I have to mention this: the inside of the shirt is ridiculously soft. It feels like the softest fleece sweatshirt you own, pressed down to the thickness of a dress shirt. Just looking at it you wouldn’t even know, but once you put it on, you’ll certainly notice.

You have a long, grueling, physically-active commute.

My commute is about 12 seconds, from my bedroom to my office. Doesn’t take much effort (or clothing, for that matter) for me to make it to work.

Then again, my situation isn’t common. I know most people endure long commutes, which can be made even more miserable by large fluctuations in temperature.

If you ride your bike or foot it to work, you can’t help but break a sweat before reaching your air-conditioned destination.
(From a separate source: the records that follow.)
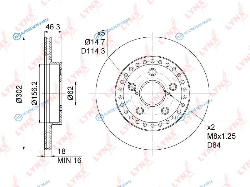 Сторона установки:передний мост | Диаметр [мм]:302 | Толщина тормозного диска (мм):18 | Минимальная толщина [мм]:16 | Диаметр центрирования [мм]:62 | Высота [мм]:46 | Внутренний диаметр:157 | Количество отверстий:5 | ? фаски [мм]:114.3 | Тип тормозного диска:вентилируемый
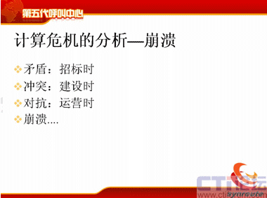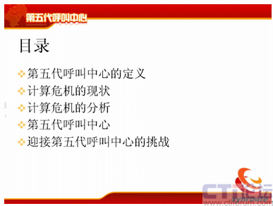 我把第五代呼叫中心的概念詳細(xì)地論述一下。主要是分成五個部分,第一個是第五代呼叫中心的定義;第二個計算危機(jī)的現(xiàn)狀;第三是計算危機(jī)的分析;第四第五代呼叫中心;第五是結(jié)論——迎接第五代呼叫中心的挑戰(zhàn)。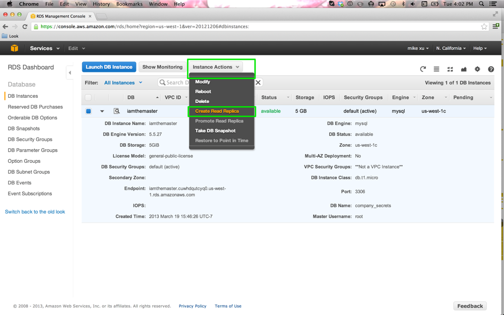 On your RDS dashboard, select the database instance you want to specify as the primary database. Select Instance Actions, and then select Create Read Replica.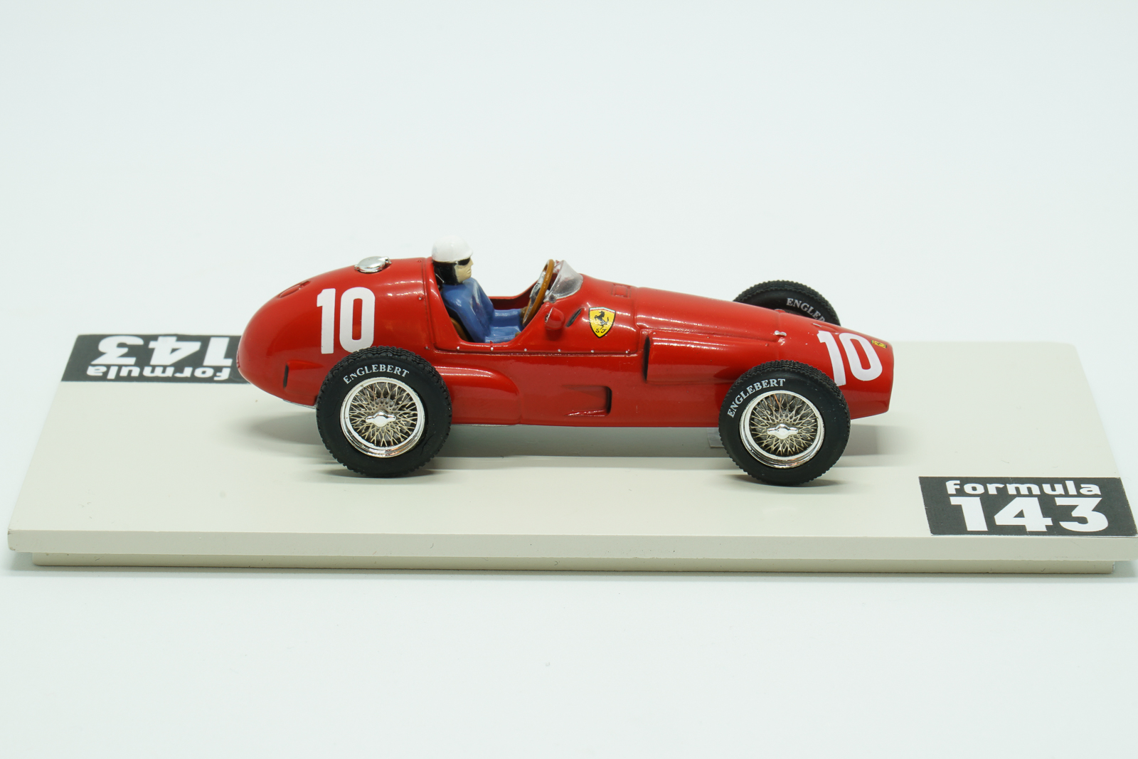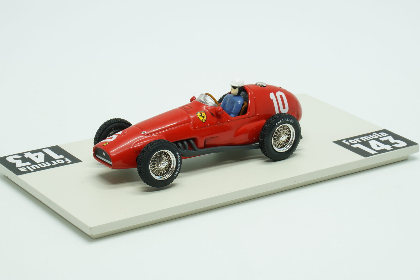 Ferrari 625 was the F1 car built according to new Formula 1 regulations in force in 1954 when Grand Prix racing returned to F1 after two seasons with F2. For new rules Ferrari 500 chassis were modified to fit the 2.5-litre 625 engine. This Quartzo model represents the car started by Nino Farina in Argentine GP 1955. During the race Farina’s original car was handed over to Umberto Maglioli and then to Maurice Trintignant.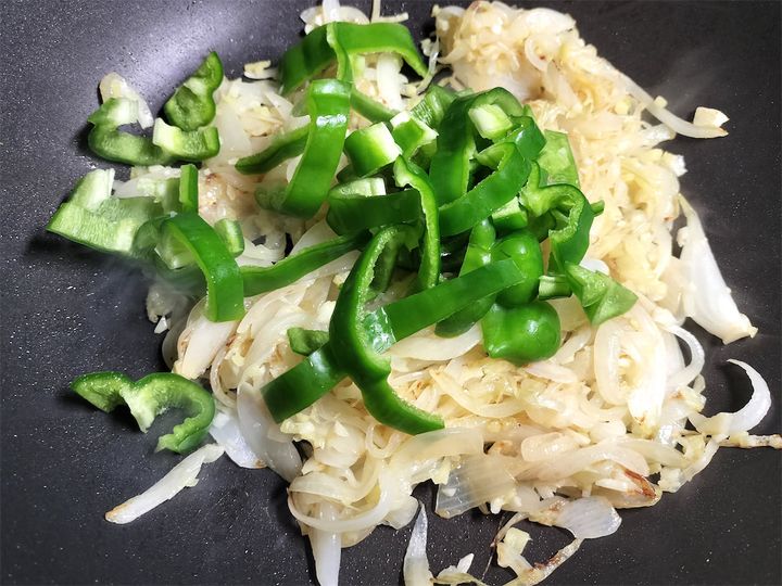 4. にんにくとしょうがの香りがしてきたら一度火を止め、ピーマンを入れて弱火にかけます。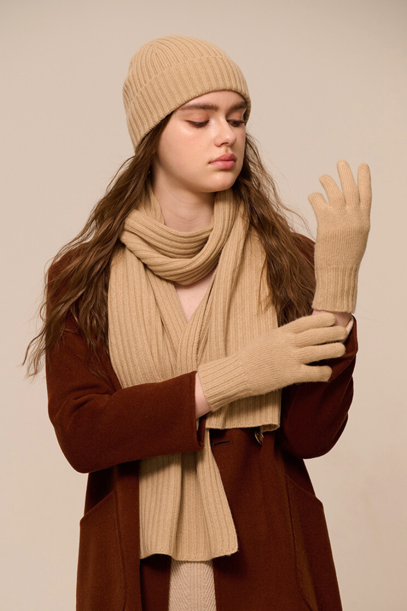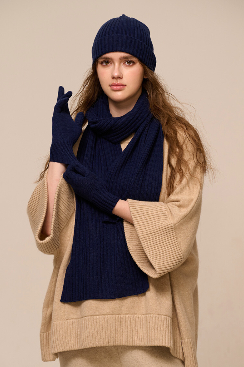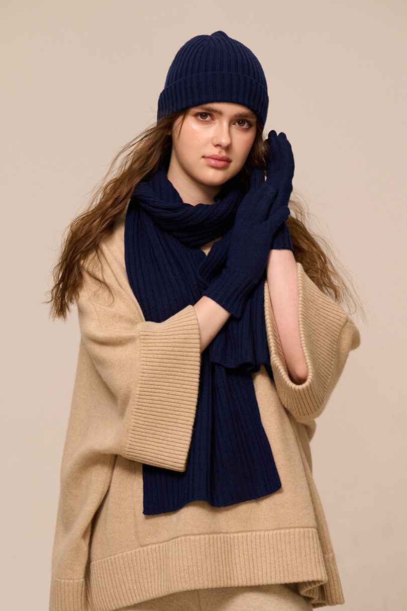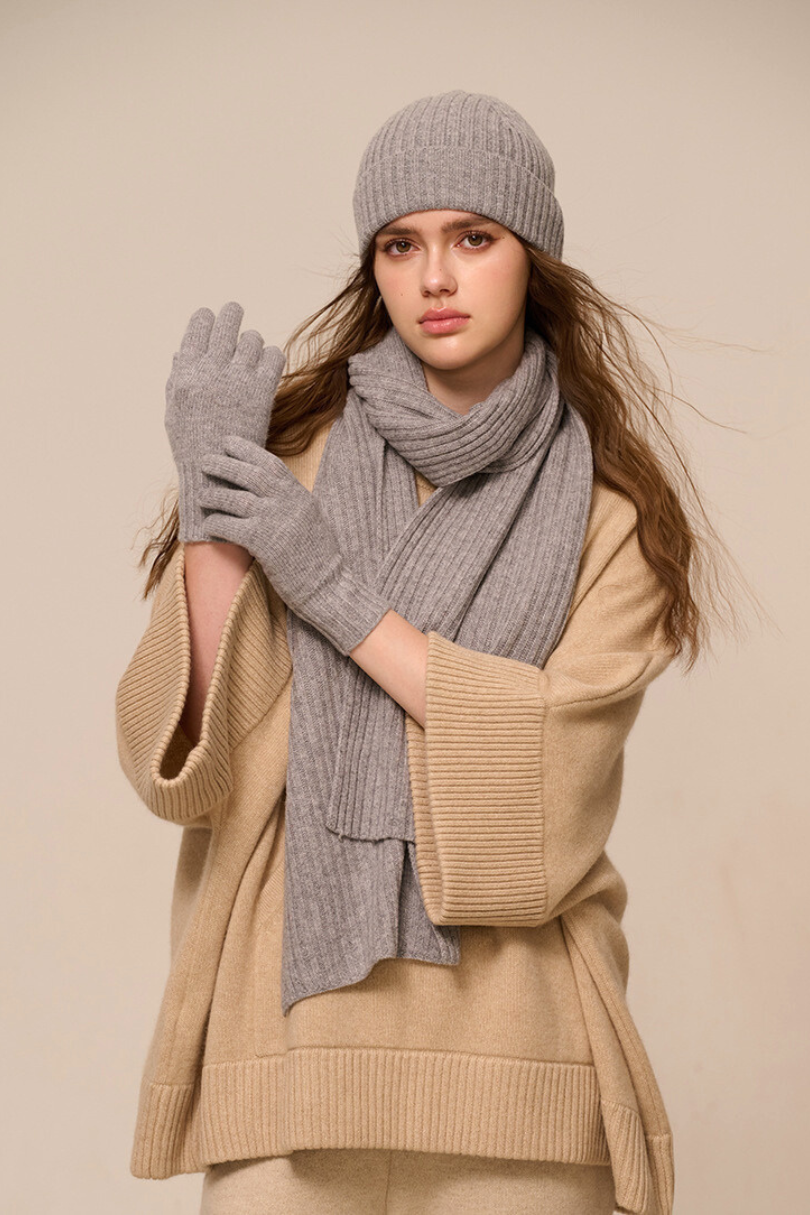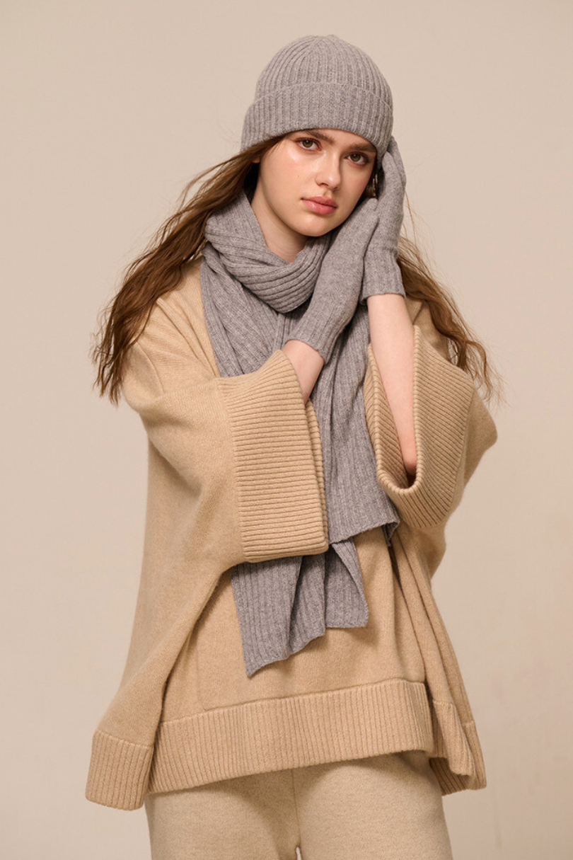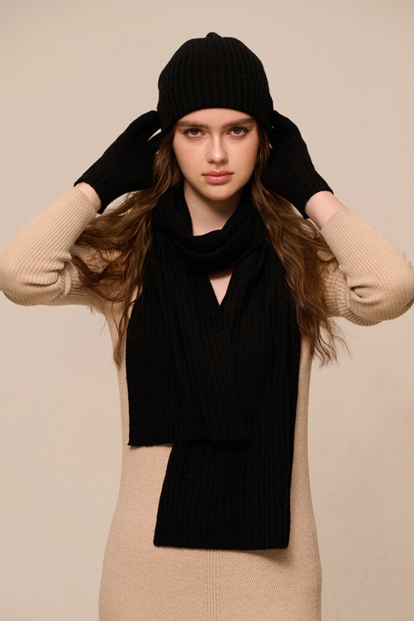 - Design: Clean rib-knit beanie, soft draping scarf with smooth edges

And don’t you hate when, after a few minutes, that AC suddenly feels too cold, and your shirt a wee bit too damp?

If this situation sounds like your own, you’d benefit from MoS. They take the best stuff from NASA’s spacesuit technology (namely their temperature regulation system) and bake that directly in to the fabric they use.

Put simply, your body heat is pulled away from your skin when overheating, and redistributed back when your temperature drops.

I’d test this out more thoroughly at my gym’s sauna if not for the weird looks I know I’ll get from the old Asian ladies that monopolize the place. If you live somewhere that gets hot, humid summers, this will be worth your while.

You’re leery of hybrid anything.

Hey, I get where you’re coming from. I’m typically the same way. But think of MoS like performance gear for the working professional. Under Armour in a dress shirt. Your body doesn’t care if you’re at the gym or on your way to the office, it will sweat whenever it needs to. So why not prepare accordingly?

This isn’t high fashion clothing (not that I ever steered you towards high fashion anything), but is certainly built with high performance in mind.

I consider the MoS line to be utilitarian, and that’s a good thing. They’re very similar to the basics I tell you to stock your closet with, but with a nod to the active lifestyle, taking into account how you move, stretch, and overheat.

The brand accommodates for slim and standard fits. If you have a little extra weight here and there, you can wear the clothing and not feel like you’re stuffing yourself into children’s sizes. At the same time, the clothes still seem slim throughout, without being too tight (I opted for standard fit samples, so I imagine the slim fits to be even more form fitting.)

A quick look at the Aviator chinos

While the Aviator chinos share plenty of the same specs as the Apollo shirt, they have a few unique features.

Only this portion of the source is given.